Además, Thatcher sostenía que sólo existen individuos que persiguen su egoísmo, (en transposición de su personalidad egoísta, insensible y hosca) y que el egoísmo es un impulso virtuoso que recompensa a los fuertes y elimina a los débiles, lo cual es ideal de justicia pero al revés. Thatcher afirmaba que aumentar la riqueza es algo moralmente neutro y que la riqueza trae tentaciones igual que la pobreza. No explicaba a qué tentaciones se refería porque es evidente que las del rico se parecen poco a las del pobre, especialmente si el pobre pasa carpanta y no tiene dónde doblarse, cosa muy común hoy por desgracia, mientras que el rico ya no sabe dónde guardar lo que le sobra.

Si ya resulta excéntrico negar que la sociedad existe, lo de que el egoísmo es virtud se aproxima a la desvergüenza, siendo, además, por qué no decirlo, una idea muy poco original. Sobre este particular la patente de la ocurrencia la tiene el Príncipe de Marcillac, más conocido como La Rochefoucauld (1613-1680) que sentenció aquello de que nuestras virtudes son, frecuentemente, vicios disfrazados. Por otra parte, en Inglaterra la paternidad del dislate le corresponde a Mandeville (que defendió la abolición de las escuelas de caridad, para horror de su época), que en 1714 difundió esta equivalencia tan dañina en un libro que tuvo un gran éxito por lo escandaloso de sus principios, titulado La fábula de las abejas o los vicios privados hacen la prosperidad pública. En tal obra Mandeville afirmaba, por ejemplo, que los grandes vicios individuales conducen al paraíso y la grandeza, lo mismo que el hambre al comer, mientras que la honradez es cosa de tontos y lleva a la ruina, siendo así que el vicio es el fundamento de la prosperidad y la felicidad nacionales o bien que como hay que ser malo, más vale ser perverso y próspero o que el cortesano que no pone límites a su lujo y el heredero derrochador son los mejores amigos de la sociedad o que suprimir la pobreza es ruinoso porque hacen falta pobres para desempeñar los trabajos más desagradable, de modo que criar en la ignorancia al pobre, para que acepte su destino sin percatarse, es de lo más conveniente ...

El tercer ingrediente de la doctrina de Margaret Thatcher era la defensa de la desigualdad, a la que atribuía, falazmente, el valor positivo de acicate para el esfuerzo personal. Thatcher no dudó nunca de la virtud de la desigualdad, promoviéndola sin complejos, al estilo de los liberales del siglo XIX que no creían ni en la democracia ni en la igual dignidad de los seres humanos, de ahí su afirmación de que si los ricos son un poco menos ricos, los pobres serán un poco más pobres, justificación falaz para que al rico no se le toque el bolsillo.
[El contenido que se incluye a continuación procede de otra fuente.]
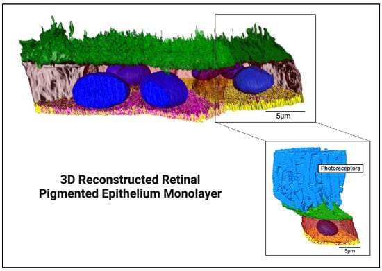 Keeling et al. [26] created reconstructed images of mice RPE 3D architecture (lateral view) showing apical microvilli (green) and nuclei (blue) with transparent cytoplasm allowing visualization of the convoluted basolateral Bruch’s membrane (yellow) with sub-RPE spaces (purple) and photoreceptors (light blue). Created in BioRender.

La imposición thatcherita de una desigualdad artificial dividió a la sociedad británica, empobreció a muchos ciudadanos y sembró la semilla de la delincuencia, la discordia y las revueltas urbanas (los riots, que tanto abundaron desde su llegada al poder), efectos que Thatcher nunca reconoció y a los que atribuyó otras causas disparatadas. Sobre este particular, Andy McSmith, en su breve historia sobre la década de los ochenta en Gran Bretaña, señala un hecho tan revelador como que Maurice Cowling, historiador de la Universidad de Cambridge que tuvo un gran ascendiente sobre algunos thacheritas, reconociera que "los conservadores no quieren la libertad sin más; lo que desean es una clase de libertad compatible con el mantenimiento de las desigualdades existentes o con la restauración de las desigualdades perdidas". Ahí queda.

Recapitulemos la doctrina, de una pobreza intelectual que deprime: no hay sociedad, sólo individuos, que son egoístas, lo cual es bueno, siendo la desigualdad social el mejor acicate para el esfuerzo y el sacrificio personales.

Estas eran las ideas políticas de Thatcher, malas de una en una y peores aún todas juntas, que constituyeron una teoría a favor del poder que se propagó como el fuego en un bosque seco y cuyas consecuencias perduran hoy para desgracia general.

Thatcher no fue, por tanto, original en su pensamiento. Se limitó a recoger los restos de algunos autores oscuros y olvidados, les dio un barniz moderno (globalización, monetarismo) y los lanzó a un debate amañado que acabó ganando gracias a la debilidad de sus oponentes y al apoyo que recibió de grandes corporaciones mediáticas y de grupos financieros muy poderosos. El resultado de esta operación fue una victoria basada en un mejunje ideológico al que llamamos pensamiento único.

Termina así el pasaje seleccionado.